Due to having an unconventential drivetrain consisting of two differental wheels and a third swerve wheel, it is crucial that we derive the inverse wheel kinematics early on. These inverse kinematics would convert a desired linear and angular velocity of the robot to individual wheel velocities and an angle for the back swerve wheel. Not only would these inverse kinematics be used during Tele-Op to control the robot through joystick movements, but it will be useful for getting the robot to travel at a desired forward velocity and turning rate for autonomous path following. Either way, deriving basic inverse kinematics for the drivetrain is a necessity prerequisite for most future programming endeavors.
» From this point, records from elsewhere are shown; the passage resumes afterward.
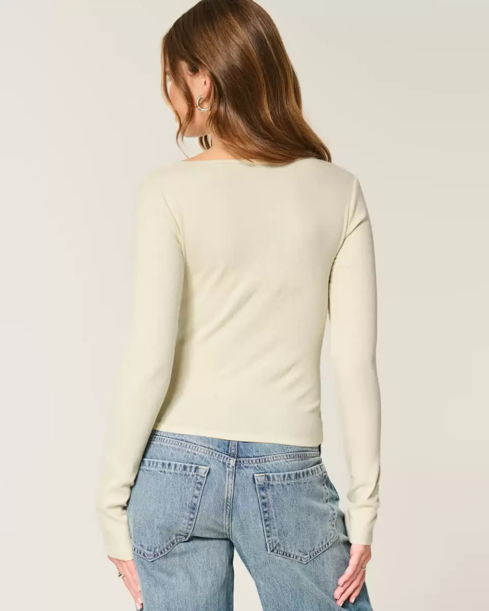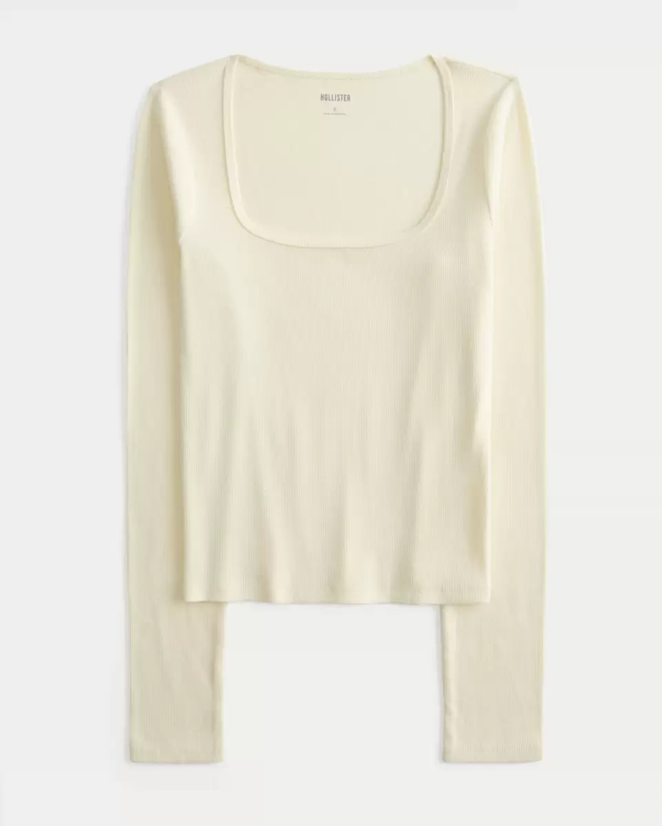 Haut à manches longues confortable et ultra doux avec une encolure carrée. Importé.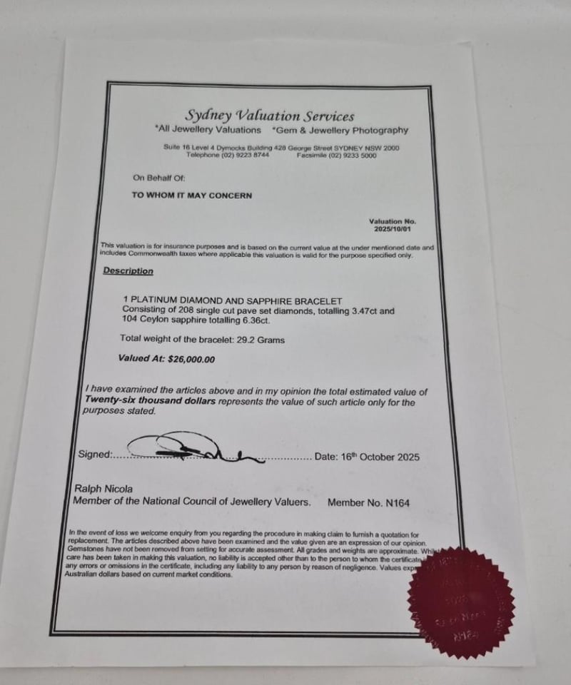 This valuation has been conducted by an independent third-party professional. The valuation amount is an assessment by the issuing valuer and does not reflect the auction value of the item.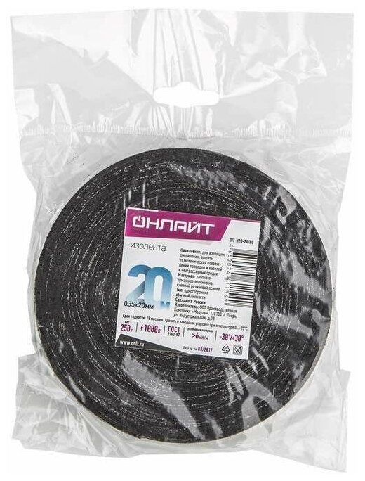 изолента ОНЛАЙТ ХБ 035х20мм 20м 250г черный 61 154 OIT-H20-20/BL

More concretely, the problem consists of the following:
Given a desired linear velocity \(v\) and turning rate/angular velocity \(\omega\), compute the required wheel velocities \(v_l\), \(v_r\), and \(v_s\), as well as the required swerve wheel angle \(\theta\) to produce the given inputs. We will define \(v_l\) as the velocity of the left wheel, \(v_r\) as the velocity of the right wheel, and \(v_s\) as the velocity of the swerve wheel.

To begin, we can consider the problem from the perspective of the robot turning with a given turning radius \(r\) with tangent velocity \(v\). From the equation \(v = \omega r\), we can conclude that \(r = \frac{v}{\omega}\). Notice that this means when \(\omega = 0\), the radius blows up to infinity. Intuitively, this makes sense, as traveling in a straight line (\(\omega = 0\)) is equivalent to turning with an infinite radius.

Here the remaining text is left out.